Unlocking Data

Data storage, administration and publication are generally the three facets of a traditional Content Management System but key enterprise data assets are no longer confined to predictably structured, transactional databases and data warehouses. Information and knowledge stores of data are buried in spread sheets, in emails, in Access databases and in documents in various formats.
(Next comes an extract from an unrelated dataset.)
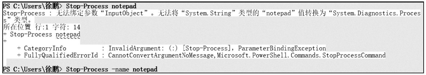 Stop-Process Cmdlet命令的作用是停止特定对象进程,在实际使用过程中Stop-Process很少单独使用,它通常和Get-Process命令一起使用,用于特定进程的终止。单独使用Stop-Process可以进行已有进程终止,如果进程本身不存在,则可能发生如图4.60所示的执行错误。

  • Scalability: semantic repositories need to scale to the large amount of Semantic Data that is available and adapt to inevitable growth. A higher schema flexibility compared to the relational model would enhance performance, though the exploitation of Semantic Data on the Web requires managing the scale that so far can only be handled by the major search engine providers.
  • Source: the very nature of the Semantic Web is defined by interaction with data sources outside and beyond any proprietary system which will demand effective implementation of trust mechanisms and policies for privacy and rights management. Though this will be primarily realised by the Content Management System front end the choice of storage and in particular the use of a triple-store.
  • Dynamicity: An important property of Semantic Data is its dynamicity. While some data, such as public administration archives or collections of text documents might not change too frequently, other data, coming from remote connections such as RSS, micro blogging, etc., may update on a per millisecond basis. The effects of such changes have to be addressed through a combination of stream processing, mining, and semantics-based techniques.

Search and Disambiguation

Disambiguation and relevance are key filters when importing or exporting data. Effective data awareness and contextual information may deliver and rank pertinent results and help the users to focus on the part of the data that is relevant.

The large and growing amount of Semantic Data enables new kinds of applications. At the same time, more data means that ultimately, there might be more results produced from it that one needs or wants. This creates an attractive proposition to focus investment on the ICT assets which currently exist in an organisation to leverage greater value.